POJ 1258 Agri-Net (经典MST)
链接:http://poj.org/problem?id=1258
Description
Farmer John has been elected mayor of his town! One of his campaign promises was to bring internet connectivity to all farms in the area. He needs your help, of course.
Farmer John ordered a high speed connection for his farm and is going to share his connectivity with the other farmers. To minimize cost, he wants to lay the minimum amount of optical fiber to connect his farm to all the other farms.
Given a list of how much fiber it takes to connect each pair of farms, you must find the minimum amount of fiber needed to connect them all together. Each farm must connect to some other farm such that a packet can flow from any one farm to any other farm.
The distance between any two farms will not exceed 100,000.
Farmer John ordered a high speed connection for his farm and is going to share his connectivity with the other farmers.

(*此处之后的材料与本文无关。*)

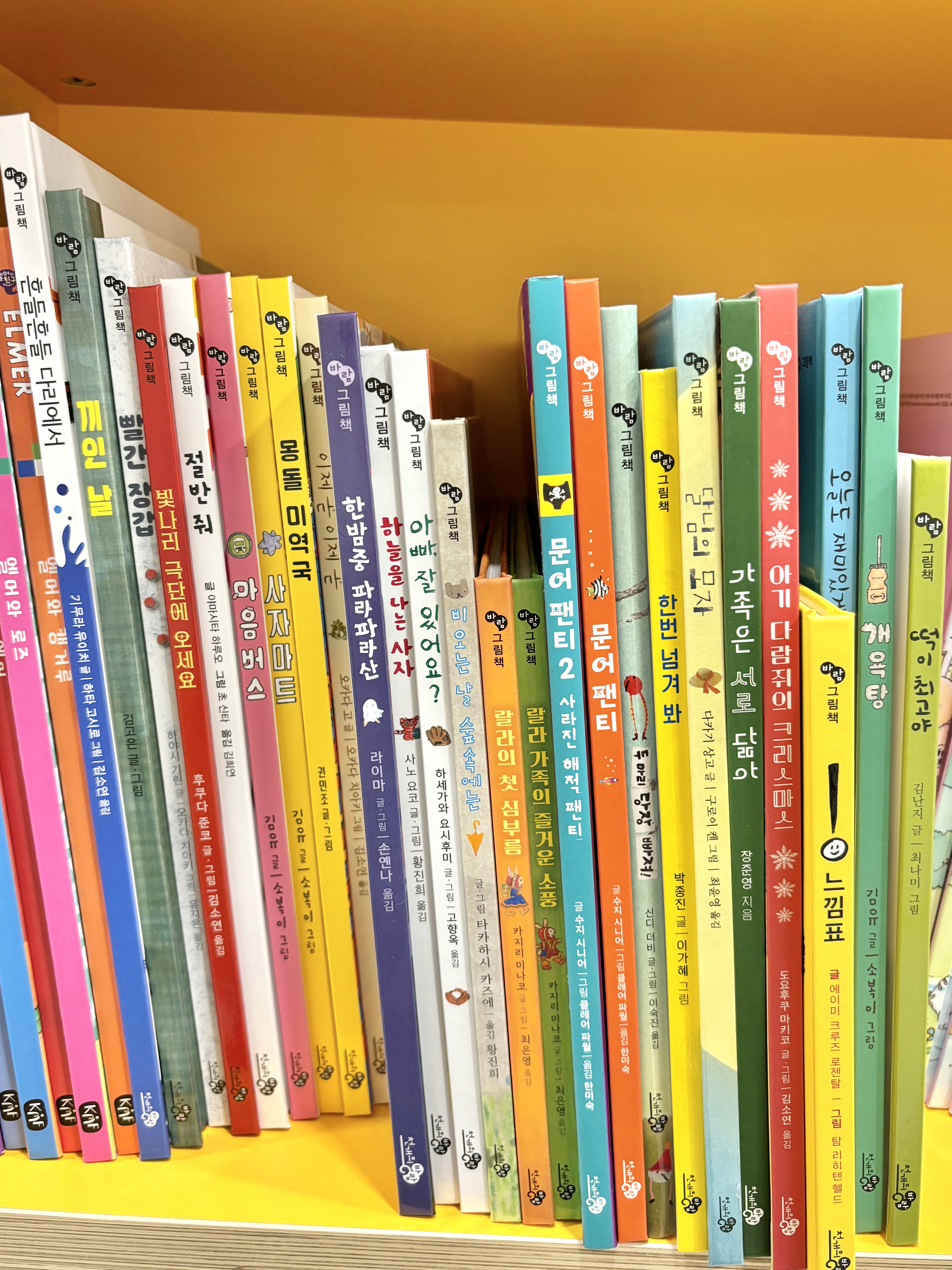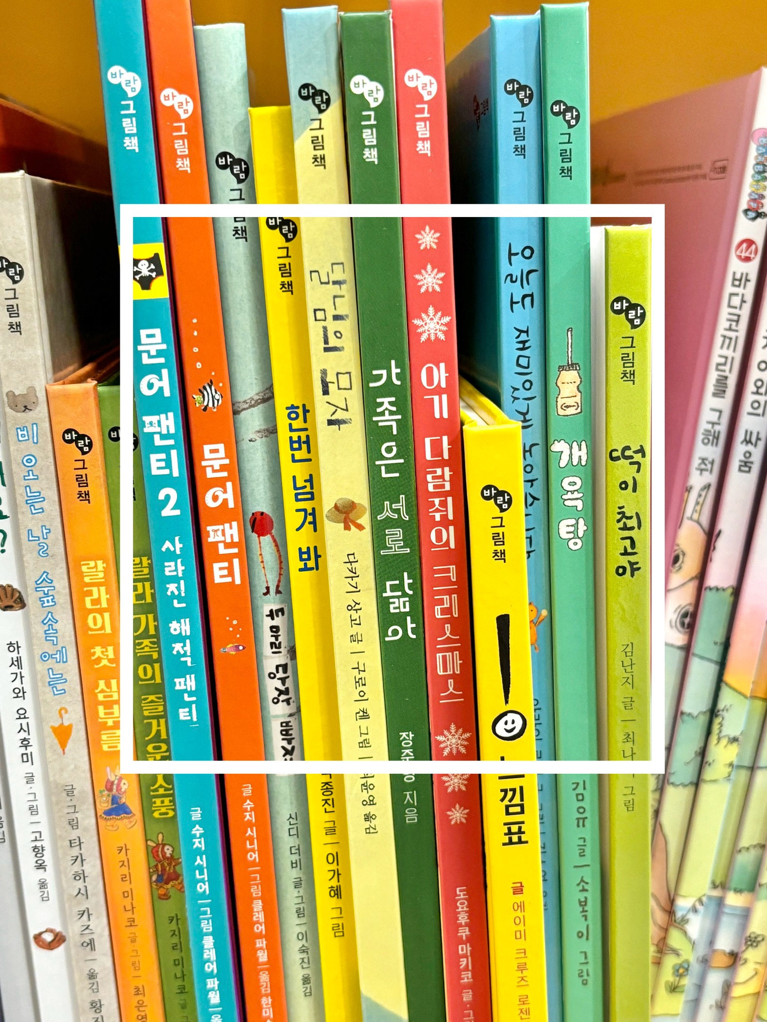 오른쪽 사진 흰색 박스로 표시해둔 책이 비교적 글밥이 적고 가볍게 읽어주기 좋은 책들이에요!

To minimize cost, he wants to lay the minimum amount of optical fiber to connect his farm to all the other farms.
Given a list of how much fiber it takes to connect each pair of farms, you must find the minimum amount of fiber needed to connect them all together. Each farm must connect to some other farm such that a packet can flow from any one farm to any other farm.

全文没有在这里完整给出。